= Your task =
Repeat exactly the lines of the records below, starting at the line containing "Illuminated airplane cockpit" and ending at the line containing "A delicious mix". Leave the pictures out.

Data section section start

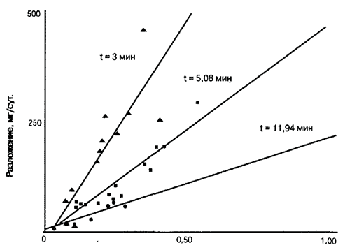 Объем биофильтра. На графике (с. 92) нормы разложения аммония представлены в соответствии большими биофильтрами, которые промеряны так, что время выдержки воды составляло от 3 до 12 минут.
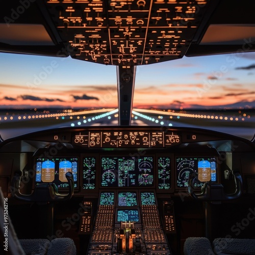 Illuminated airplane cockpit during sunset with a view of the runway, showcasing detailed instrumentation and navigation controls.
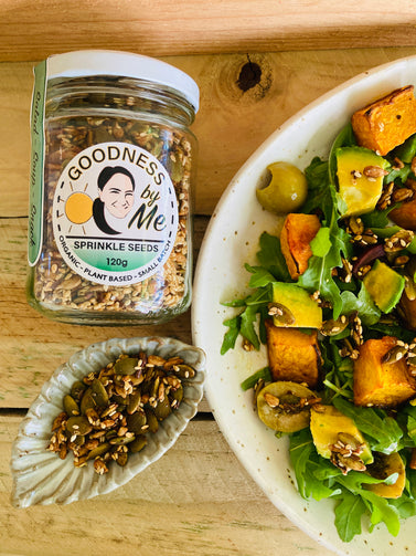 A delicious mix of seeds and spices to dress up and add a tasty crunch to your salad or soup. I have also been known to sprinkle these on my Avo on Toast and they are a great snack straight from the Jar!
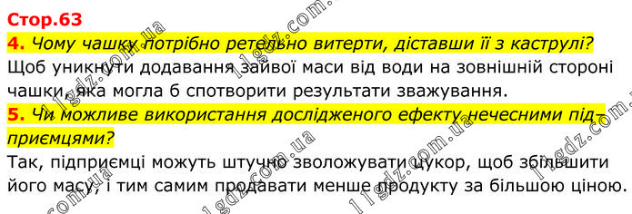 4. Чому чашку потрібно ретельно витерти, діставши її з каструлі? Щоб уникнути додавання зайвої маси від води на зовнішній стороні чашки, яка могла б спотворити результати зважування. 5. Чи можливе використання дослідженого ефекту нечесними підприємцями? Так, підприємці можуть штучно зволожувати цукор, щоб збільшити його масу, і тим самим продавати менше продукту за більшою ціною.
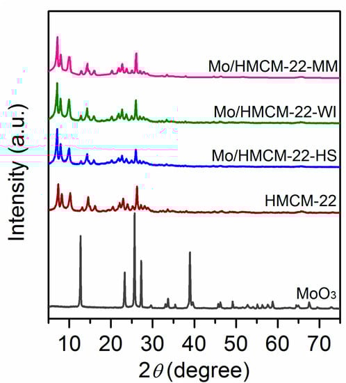 The XRD analysis was utilized to investigate the crystal structures of Mo/HMCM-22 catalysts. Pure MoO3 and HMCM-22 zeolite were employed as reference samples in the analysis. As shown in Figure 2, the Mo/HMCM-22-HS, Mo/HMCM-22-WI and Mo/HMCM-22-MM exhibited the same diffraction patterns as that of the HMCM-22 zeolite, indicating similar zeolite structures. Moreover, we did not observe the characteristic peaks of MoO3 on these Mo/HMCM-22 catalysts. This suggests that the HMCM-22 zeolite was the main structure for these Mo/HMCM-22 catalysts, and the MoO3 species was highly dispersed on them.
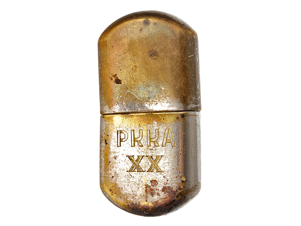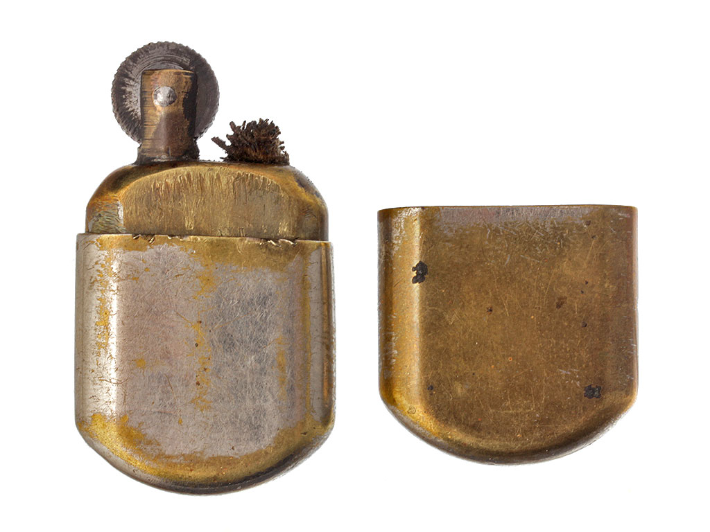 Карманная бензиновая зажигалка, изготовленная в конце 1930-х годов. Корпус изготовлен из никелированной латуни, на корпусе - гравировка "РККА ХХ". Колпачок съемный, механизм полностью исправен.
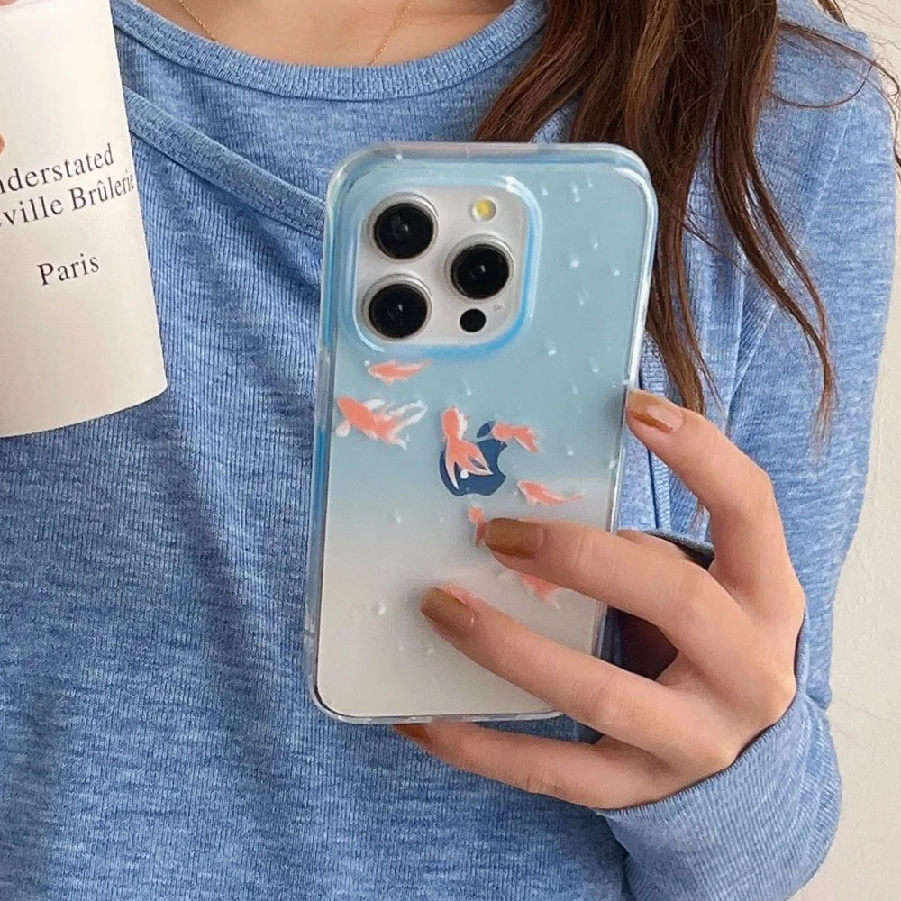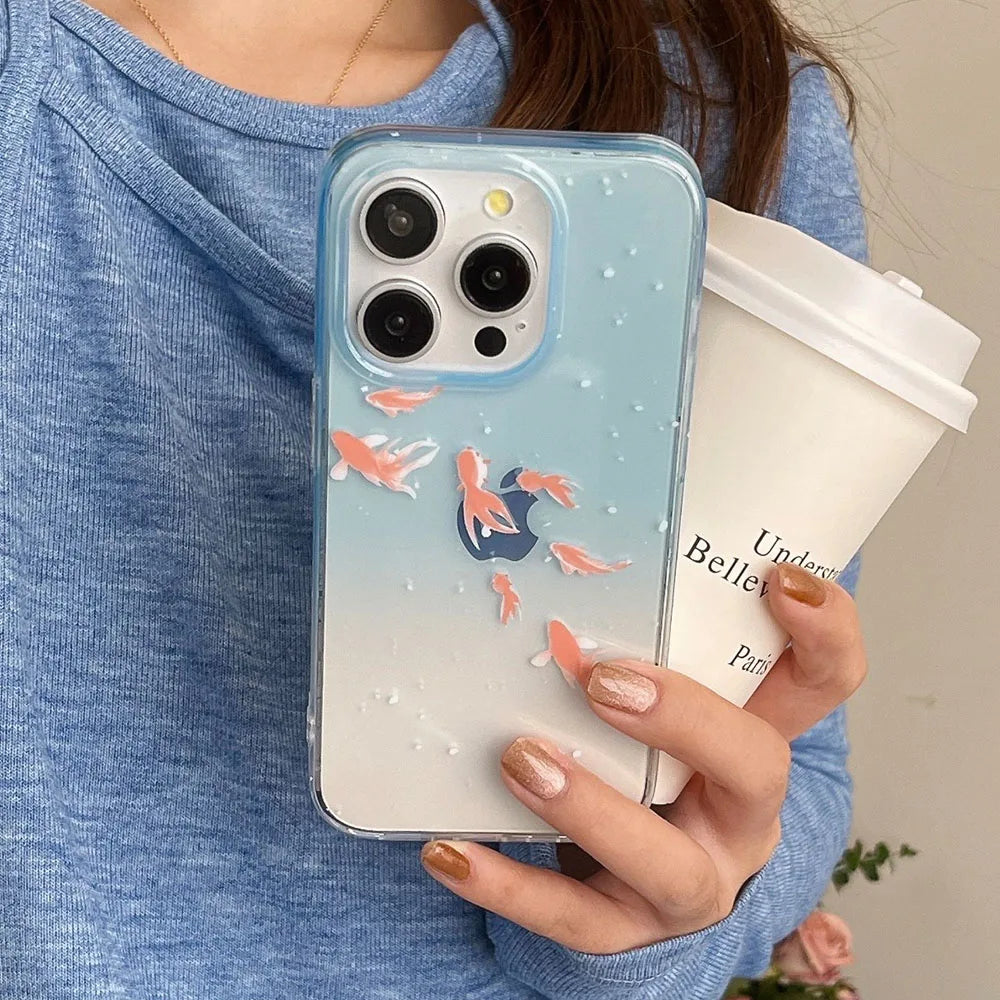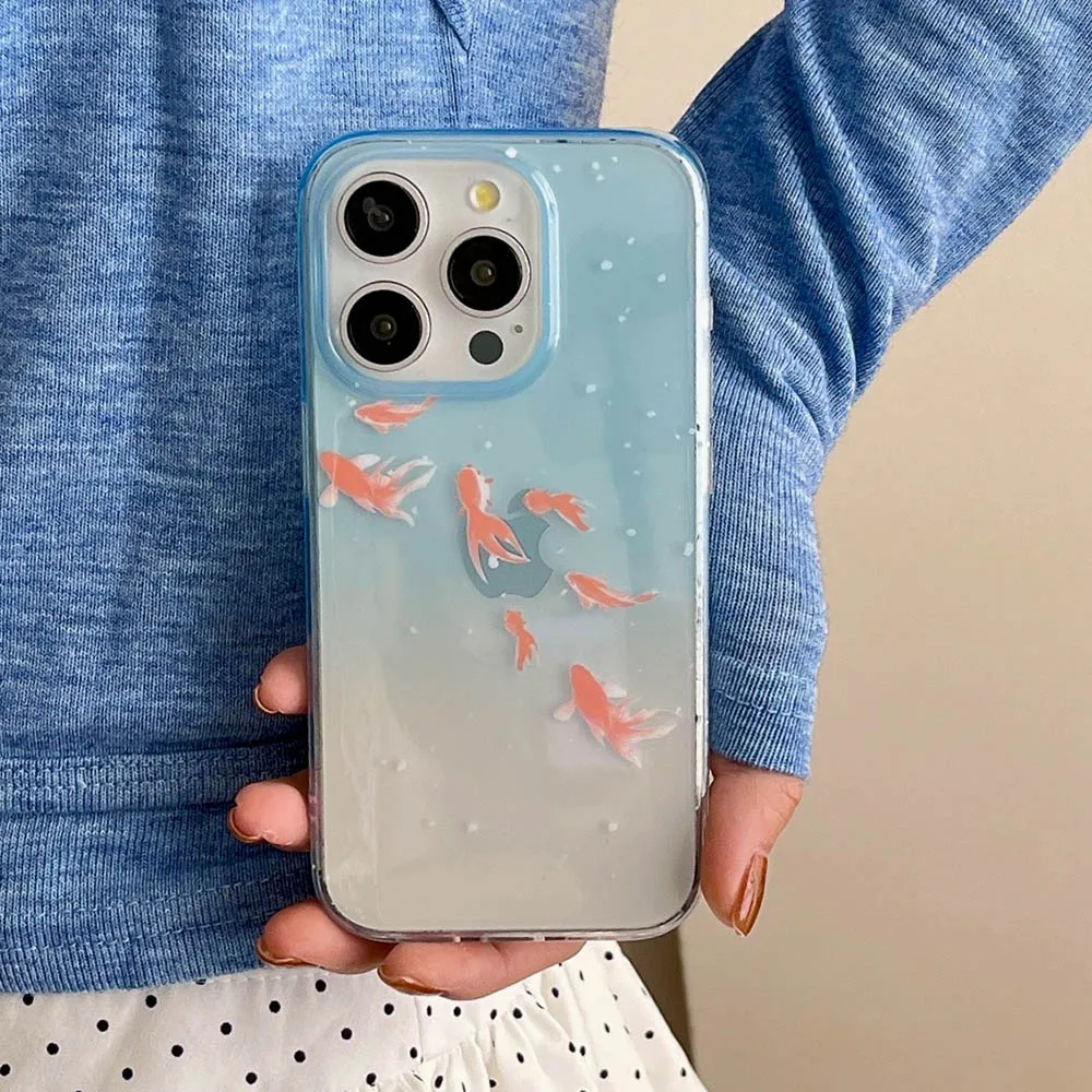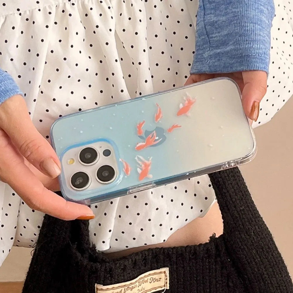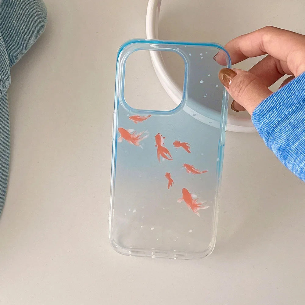 Lucky Fish Koi Carp Gradient Phone Case For iPhone 16 15 14 13 12 Pro Max 16Promax 15Pro Soft Transparent Protection Cover funda
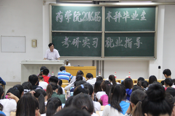 9月21日下午,药学院于教学南楼C2002举办了2016届本科毕业生考研实习就业指导大会。院长王德才、党委副书记张鸣凤分别做了报告,药学院2016届全体本科毕业生参加了此次大会。
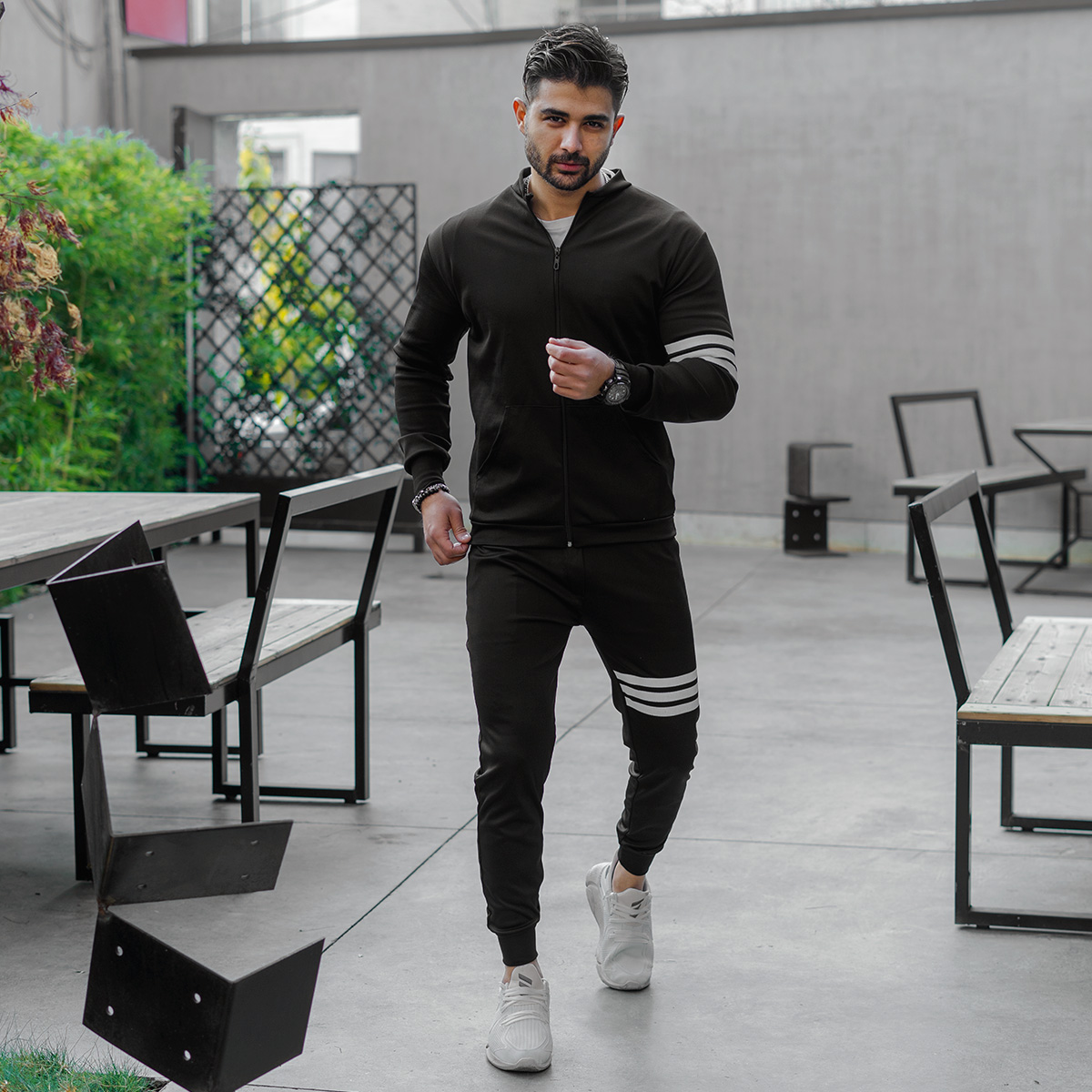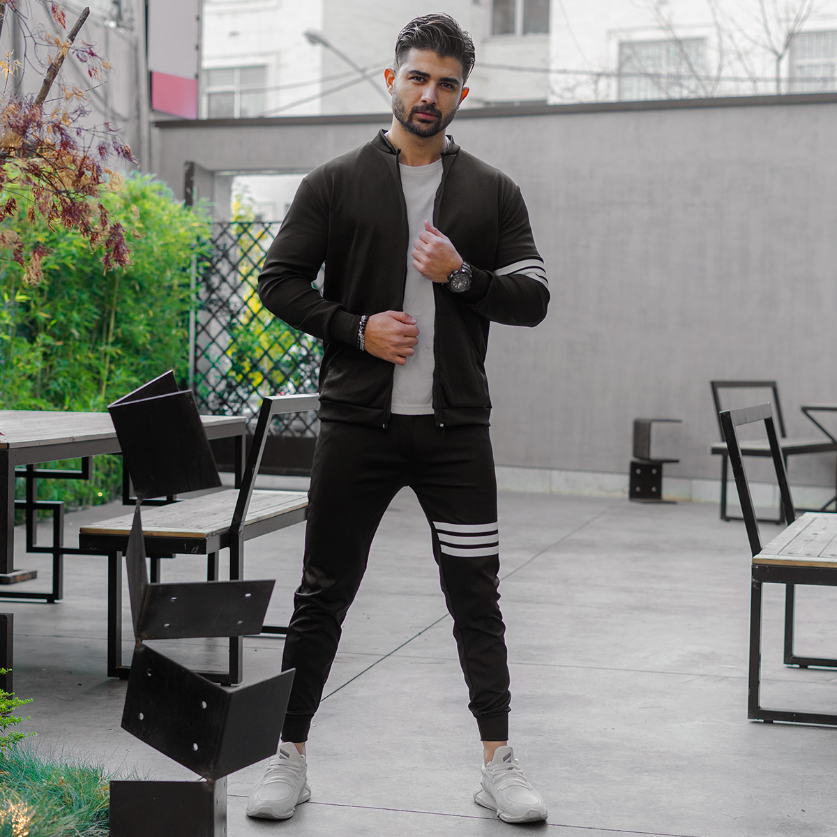 ست سوییشرت شلوار مردانه مشکی خط دار مدلTAKTA

Data section section end

= Answer section =
 Illuminated airplane cockpit during sunset with a view of the runway, showcasing detailed instrumentation and navigation controls.
 A delicious mix of seeds and spices to dress up and add a tasty crunch to your salad or soup. I have also been known to sprinkle these on my Avo on Toast and they are a great snack straight from the Jar!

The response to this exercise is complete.